■ What you should do ■
Return the listing below exactly as it stands. Pictures stay out.
---------- Data provided ----------
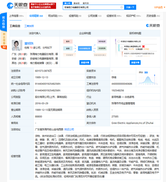 珠海格力电器股份有限公司成立于1989年12月,注册资本约为60亿,法定代表人为董明珠,经营范围包括研发、制造、销售:泵、阀门、压缩机及类似机械,风机、包装设备等通用设备等。天眼查十大股东信息显示,高瓴资本持股15.00%,为该公司最大股东。
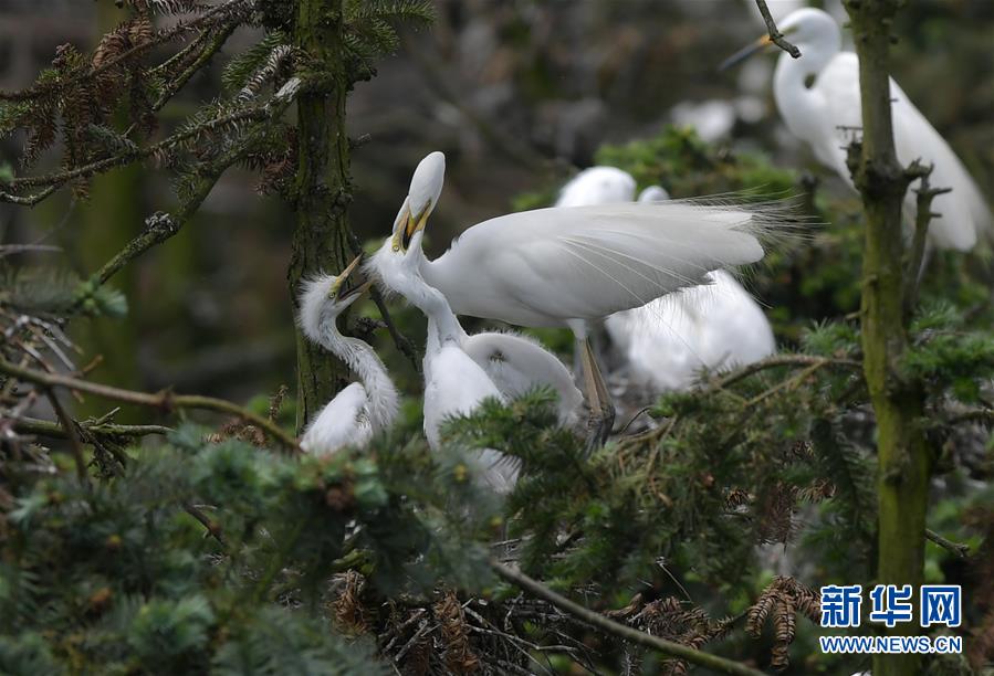 在江西省南昌市新建區(qū)象山森林公園內(nèi),白鷺和自己的雛鳥在一起(5月21日攝)。 近日,在江西省南昌市新建區(qū)象山森林公園內(nèi),已安家筑巢的大批鷺鳥陸續(xù)孵化出了后代。象山森林公園有著“鷺鳥王國”的美譽(yù),生態(tài)環(huán)境良好,每年都會吸引白鷺、蒼鷺、夜鷺等種類的鷺鳥飛抵棲息和繁衍后代。 新華社記者 彭昭之 攝
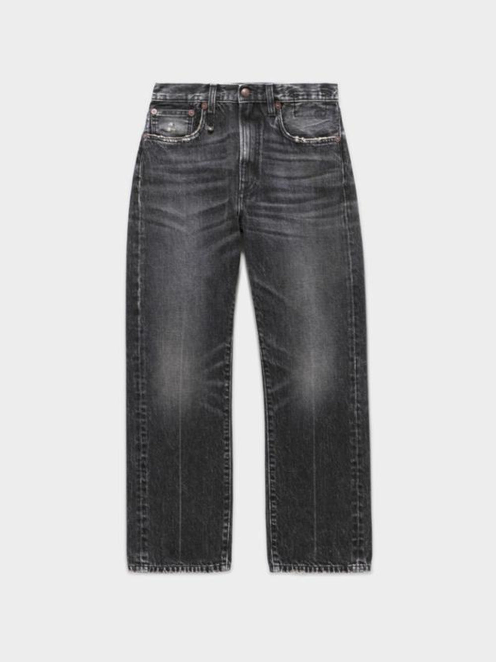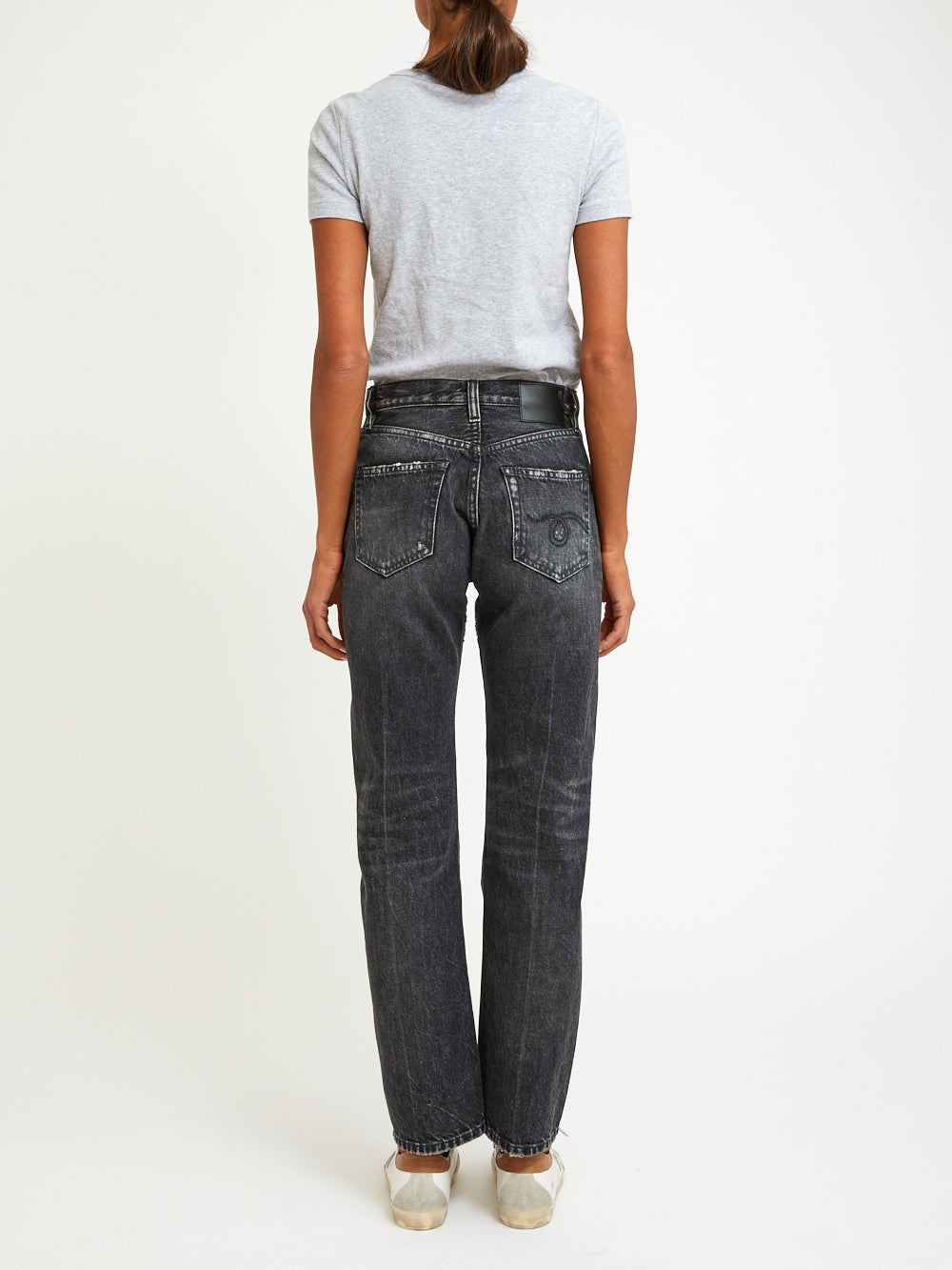 R13 Courtney Slim Jeans. These faded black denim jeans have a straight fit and a mid-rise waist.
----------
■ Worked solution ■
 珠海格力电器股份有限公司成立于1989年12月,注册资本约为60亿,法定代表人为董明珠,经营范围包括研发、制造、销售:泵、阀门、压缩机及类似机械,风机、包装设备等通用设备等。天眼查十大股东信息显示,高瓴资本持股15.00%,为该公司最大股东。
 在江西省南昌市新建區(qū)象山森林公園內(nèi),白鷺和自己的雛鳥在一起(5月21日攝)。 近日,在江西省南昌市新建區(qū)象山森林公園內(nèi),已安家筑巢的大批鷺鳥陸續(xù)孵化出了后代。象山森林公園有著“鷺鳥王國”的美譽(yù),生態(tài)環(huán)境良好,每年都會吸引白鷺、蒼鷺、夜鷺等種類的鷺鳥飛抵棲息和繁衍后代。 新華社記者 彭昭之 攝
 R13 Courtney Slim Jeans. These faded black denim jeans have a straight fit and a mid-rise waist.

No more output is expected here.